Resilience and sovereignty in the cloud. With several multinational technology companies announcing their intentions to set up on-shore cloud services in New Zealand, what should we expect and what questions do we need to be asking? We heard from Phil Pennington (RNZ), Dr Te Taka Keegan (University of Waikato), Louisa Joblin (Duncan Cotterill) and Don Christie (Catalyst IT) about the need to ensure Māori sovereignty over cloud services, data & AI; what legal and governance issues are at stake; and the case for strengthening NZ's domestic cloud and AI capabilities through procurement decisions and use of open source technology.

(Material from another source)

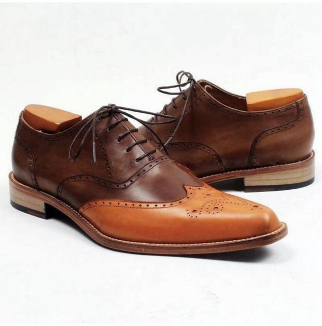 Handmade Two Tone Brown Wingtip Brogue Shoes, Lace Up Brown Leather Shoes, Dress Shoes

Cyber security. We wrapped up the day with some great cyber security tips and tricks from Steve Honiss and Elf Eldridge (ZX Security). Good governance is essential for cyber security - so you can refer your senior managers to this Cyber Risk Guide from the Institute of Directors New Zealand! But it is also on us to be identifying and raising the risks that we see (rather than sweeping them under the carpet...) and making sure that they are addressed, or are accepted by a manager with the appropriate level of seniority. One category of cyber attacks are those intentionally targeted at our organisation - we can and should be preparing for these - for example by implementing these Critical Controls from the Computer Emergency Response Team (CERT) - see here for they could help prevent a ransomware incident. However we also need to think of a second category - opportunistic attacks. These are generally based on newly-discovered software vulnerabilities, and cannot be anticipated. Instead we need to be investing in our people and putting in place good incident response processes (e.g. by ensuring incident response plans are kept in one place and have a clear summary. Finally - don't put sensitive information in ChatGPT, because it will be used to retrain the model and could be accessed by another user!